Stop after the line containing "先,常務副總經理葉紅匯報了2"; retype every line of the data before it exactly, starting from the first.

(Excerpted data Opens)

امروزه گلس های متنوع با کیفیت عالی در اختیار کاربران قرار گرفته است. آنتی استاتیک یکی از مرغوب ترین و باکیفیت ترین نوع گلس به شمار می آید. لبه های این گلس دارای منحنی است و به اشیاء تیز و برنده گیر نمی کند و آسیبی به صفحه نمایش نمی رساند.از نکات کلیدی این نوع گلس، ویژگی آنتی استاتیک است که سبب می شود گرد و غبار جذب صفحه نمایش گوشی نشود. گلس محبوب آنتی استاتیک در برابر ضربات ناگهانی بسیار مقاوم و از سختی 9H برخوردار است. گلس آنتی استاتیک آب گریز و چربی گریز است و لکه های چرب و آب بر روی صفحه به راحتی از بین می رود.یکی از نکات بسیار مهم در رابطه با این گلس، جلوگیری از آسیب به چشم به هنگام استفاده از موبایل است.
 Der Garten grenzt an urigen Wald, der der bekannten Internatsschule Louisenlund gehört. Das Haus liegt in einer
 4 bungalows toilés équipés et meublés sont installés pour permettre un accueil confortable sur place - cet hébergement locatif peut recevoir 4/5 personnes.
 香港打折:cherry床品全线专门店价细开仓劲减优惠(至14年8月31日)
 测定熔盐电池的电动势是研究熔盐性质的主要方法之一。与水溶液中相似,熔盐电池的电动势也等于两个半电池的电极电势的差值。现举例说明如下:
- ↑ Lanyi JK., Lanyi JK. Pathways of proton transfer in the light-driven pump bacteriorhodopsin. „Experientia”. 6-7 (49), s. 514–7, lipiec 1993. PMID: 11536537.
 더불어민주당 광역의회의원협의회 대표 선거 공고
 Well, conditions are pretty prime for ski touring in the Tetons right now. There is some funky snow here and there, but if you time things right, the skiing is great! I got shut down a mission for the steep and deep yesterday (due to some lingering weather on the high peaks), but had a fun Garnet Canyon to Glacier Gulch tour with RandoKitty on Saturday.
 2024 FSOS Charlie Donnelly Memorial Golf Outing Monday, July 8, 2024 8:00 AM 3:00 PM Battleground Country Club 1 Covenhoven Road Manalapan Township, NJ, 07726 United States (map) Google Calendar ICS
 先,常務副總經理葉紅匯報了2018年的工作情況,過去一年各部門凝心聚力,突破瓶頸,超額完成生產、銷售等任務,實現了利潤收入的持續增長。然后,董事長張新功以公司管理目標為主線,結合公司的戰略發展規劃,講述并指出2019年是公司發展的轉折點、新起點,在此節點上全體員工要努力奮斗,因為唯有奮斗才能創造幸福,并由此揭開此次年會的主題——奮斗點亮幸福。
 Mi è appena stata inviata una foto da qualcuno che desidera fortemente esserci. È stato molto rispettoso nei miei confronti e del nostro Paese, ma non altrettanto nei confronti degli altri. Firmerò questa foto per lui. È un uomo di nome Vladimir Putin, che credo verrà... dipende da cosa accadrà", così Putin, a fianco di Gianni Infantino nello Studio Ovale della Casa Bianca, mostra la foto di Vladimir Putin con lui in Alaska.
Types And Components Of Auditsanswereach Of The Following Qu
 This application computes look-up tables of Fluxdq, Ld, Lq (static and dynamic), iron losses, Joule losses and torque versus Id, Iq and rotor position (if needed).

(Excerpted data Closes)

Answer for this exercise:
امروزه گلس های متنوع با کیفیت عالی در اختیار کاربران قرار گرفته است. آنتی استاتیک یکی از مرغوب ترین و باکیفیت ترین نوع گلس به شمار می آید. لبه های این گلس دارای منحنی است و به اشیاء تیز و برنده گیر نمی کند و آسیبی به صفحه نمایش نمی رساند.از نکات کلیدی این نوع گلس، ویژگی آنتی استاتیک است که سبب می شود گرد و غبار جذب صفحه نمایش گوشی نشود. گلس محبوب آنتی استاتیک در برابر ضربات ناگهانی بسیار مقاوم و از سختی 9H برخوردار است. گلس آنتی استاتیک آب گریز و چربی گریز است و لکه های چرب و آب بر روی صفحه به راحتی از بین می رود.یکی از نکات بسیار مهم در رابطه با این گلس، جلوگیری از آسیب به چشم به هنگام استفاده از موبایل است.
 Der Garten grenzt an urigen Wald, der der bekannten Internatsschule Louisenlund gehört. Das Haus liegt in einer
 4 bungalows toilés équipés et meublés sont installés pour permettre un accueil confortable sur place - cet hébergement locatif peut recevoir 4/5 personnes.
 香港打折:cherry床品全线专门店价细开仓劲减优惠(至14年8月31日)
 测定熔盐电池的电动势是研究熔盐性质的主要方法之一。与水溶液中相似,熔盐电池的电动势也等于两个半电池的电极电势的差值。现举例说明如下:
- ↑ Lanyi JK., Lanyi JK. Pathways of proton transfer in the light-driven pump bacteriorhodopsin. „Experientia”. 6-7 (49), s. 514–7, lipiec 1993. PMID: 11536537.
 더불어민주당 광역의회의원협의회 대표 선거 공고
 Well, conditions are pretty prime for ski touring in the Tetons right now. There is some funky snow here and there, but if you time things right, the skiing is great! I got shut down a mission for the steep and deep yesterday (due to some lingering weather on the high peaks), but had a fun Garnet Canyon to Glacier Gulch tour with RandoKitty on Saturday.
 2024 FSOS Charlie Donnelly Memorial Golf Outing Monday, July 8, 2024 8:00 AM 3:00 PM Battleground Country Club 1 Covenhoven Road Manalapan Township, NJ, 07726 United States (map) Google Calendar ICS
 先,常務副總經理葉紅匯報了2018年的工作情況,過去一年各部門凝心聚力,突破瓶頸,超額完成生產、銷售等任務,實現了利潤收入的持續增長。然后,董事長張新功以公司管理目標為主線,結合公司的戰略發展規劃,講述并指出2019年是公司發展的轉折點、新起點,在此節點上全體員工要努力奮斗,因為唯有奮斗才能創造幸福,并由此揭開此次年會的主題——奮斗點亮幸福。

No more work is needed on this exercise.